There's a few pretty major omissions in this set: I'm missing the final FitA book, Garden of Shadows, for one, which is sad because not only do I think that book may well be the final one touched by the pen of V.C. herself, I actually thought it was pretty okay.  Also missing is Dark Angel, the second book of the Casteel series, which features an extensive foray into one of finest Andrews tropes, the Boarding School from Hell.  Hidden by the unavoidable glare (it's a really foil-laiden cover) is Rain, in which we are treated to the Tragic Mulatto of the Andrews world, since they were running out of offensive stereotypes by that point.  Seriously, there are series here that I was only marginally aware existed (who the fuck are the DeBeers?)  I do, however, now own all the Landry series, which I originally was not going to even touch, but they are stuffed with such wacky twin-swapping shenanigans that I am nearly convinced they are genius on a level too high for me to comprehend.

I also somehow ended up with two Audrinas.  JUST LIKE IN THE BOOK!
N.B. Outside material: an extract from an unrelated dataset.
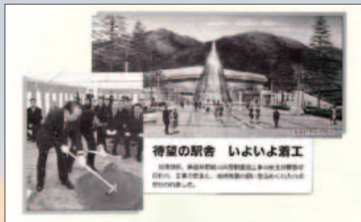
▲ 平成9年11月号 井原駅建設工事くわ入れ式

Basically, I now I have no excuses.  I have to finish this thing.  You can thank my mother.  Actually you can thank her by taking some yard-sale goods off her hands.  She's got a pretty cool vintage console TV for only $25, if anyone's interested.

Wednesday, June 15, 2011

"I feel fantastic and I'm still alive . . . "

The blog continues, despite a significant gap due in part to Your Humble Annotator having a mild mental meltdown (as you do when your 'hood gets wiped off the map) and a therapeutic trip to New York City to visit an old friend and unwind from the stress of being sideswiped by an F5.  Two words: culture shock.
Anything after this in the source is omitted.